What is MAKLAB?

MAKLab is an open access fabrication workshop which gives anyone from young people through to communities, individual entrepreneurs and businesses, the opportunity & capability to turn their ideas and concepts into reality.


At MAKLab anyone can Dream it. Design it. MAK it.

FABLab

The FABLab program was started in the Media Lab at Massachusetts Institute of Technology (MIT), a collaboration between the Grassroots Invention Group and the Center for Bits and Atoms (CBA) at MIT, exploring how a community can be powered by technology at the grassroots level.

MAKLab is Scotland’s first FABLab.

A FABlab (fabrication laboratory) is a small-scale workshop offering (personal) digital fabrication.

A FABlab is generally equipped with an array of flexible computer controlled tools that cover several different length scales and various materials, with the aim to make “almost anything”.

This includes technology-enabled products generally perceived as limited to mass production.

MAKLab subscribes to the FABLab Charter

Mission: fab labs are a global network of local labs, enabling invention by providing access for individuals to tools for digital fabrication.

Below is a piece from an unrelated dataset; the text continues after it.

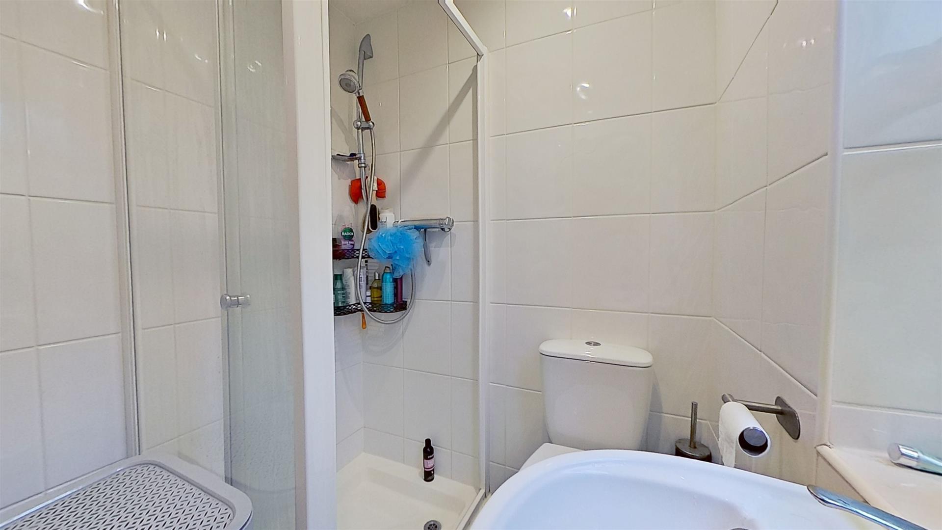 Double glazed window to front. Double door built in cupboard. Tiled shower cubicle and wall mounted shower.

Access: you can use the fab lab to make almost anything (that doesn’t hurt anyone); you must learn to do it yourself, and you must share use of the lab with other uses and users

Education: training in the fab lab is based on doing projects and learning from peers; you’re expected to contribute to documentation and instruction

Responsibility: you’re responsible for:

* safety: knowing how to work without hurting people or machines
* cleaning up: leaving the lab cleaner than you found it
* operations: assisting with maintaining, repairing, and reporting on tools, supplies, and incidents

Secrecy: designs and processes developed in fab labs must remain available for individual use although intellectual property can be protected however you choose

Business: commercial activities can be incubated in fab labs but they must not conflict with open access, they should grow beyond rather than within the lab, and they are expected to benefit the inventors, labs, and networks that contribute to their success.

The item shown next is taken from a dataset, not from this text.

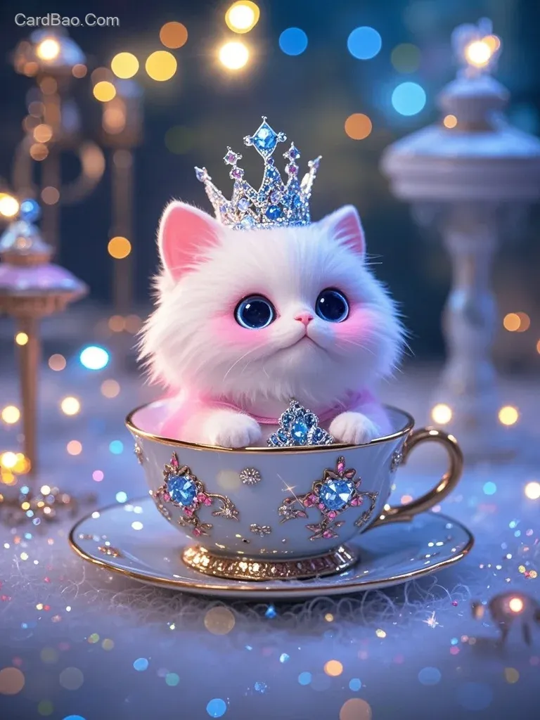 微缩景观,超级特写,浅景深,桌上茶杯里,有只可爱的白色迷你小猫戴着水钻皇冠,奢华精美,周围星光闪闪,梦幻的散景,流光,星汉灿烂,生物发光,超细节,3D立体
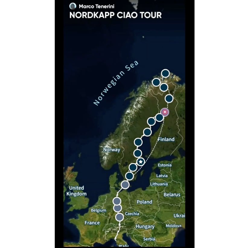 Marzo 2023 (G.T.) – “Ciao, mi chiamo Marco Tenerini ho scritto il libro OSTINATO per raccontare la mia avventura in solitaria – ‘Da Viareggio a Capo Nord in Ciao, inseguendo l’aurora boreale’. Ed ora vi racconto come è nata. Un giorno ho creato una lista dei desideri, tra questi c’era vedere l’Aurora Boreale. Questo stupefacente fenomeno naturale si manifesta principalmente al di sopra del Circolo Polare Artico nei periodi compresi tra ottobre e marzo. Volevo valorizzare questo desiderio rendendolo un’avventura, in modo che lasciasse in me una traccia indelebile. Ho infatti imparato da un mio precedente viaggio sul Cammino di Santiago, (con una bicicletta Graziella! ndr), che senza fatica non c’è felicità. Ho scelto Capo Nord come meta e deciso di provare a percorrere i 5.000 km che la separano da casa mia, Viareggio, con un ciclomotore Piaggio Ciao del 1984 a cui ho dato il nome Ostinato.

While FABlab have yet to compete with mass production and its associated economies of scale in fabricating widely distributed products, they have already shown the potential to empower individuals to create smart devices for themselves. These devices can be tailored to local or personal needs in ways that are not practical or economical using mass production.

The Fab Folk Network is the central focus for all Fab Labs across the world.

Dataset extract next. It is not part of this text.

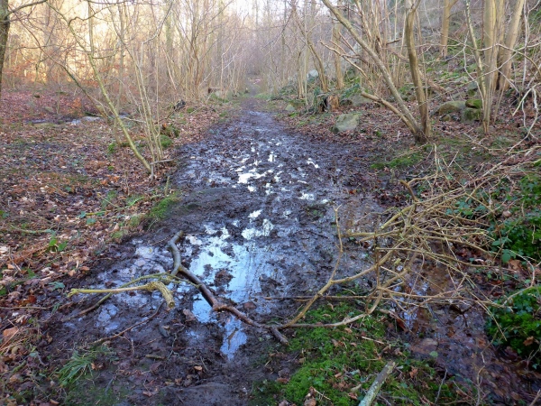 Zwischendurch gibt es immer mal wieder sehr schlammige Passagen, auf denen die Soße in die Schuhe läuft. Ihr wisst ja, dass ich Schlamm liebe und daher mit Begeisterung durch den Matsch stapfe. Schon als Kind zogen mich Wasserpfützen magisch an. Als Trailrunner werde ich heute sehr gut bedient. Asphalt gibt es kaum.

There are about 50 Fab Labs around the world – Shepherds in Norway have used their Fab Lab to create a system for tracking sheep using their mobile phones, while in Ghana, people made an innovative truck refrigeration system powered by the vehicle’s own exhaust gases. In Afghanistan, people are fashioning customised prosthetic limbs, while in South Africa a government and business backed project is creating simple internet connected computers that hook up to televisions and cost just ten dollars each.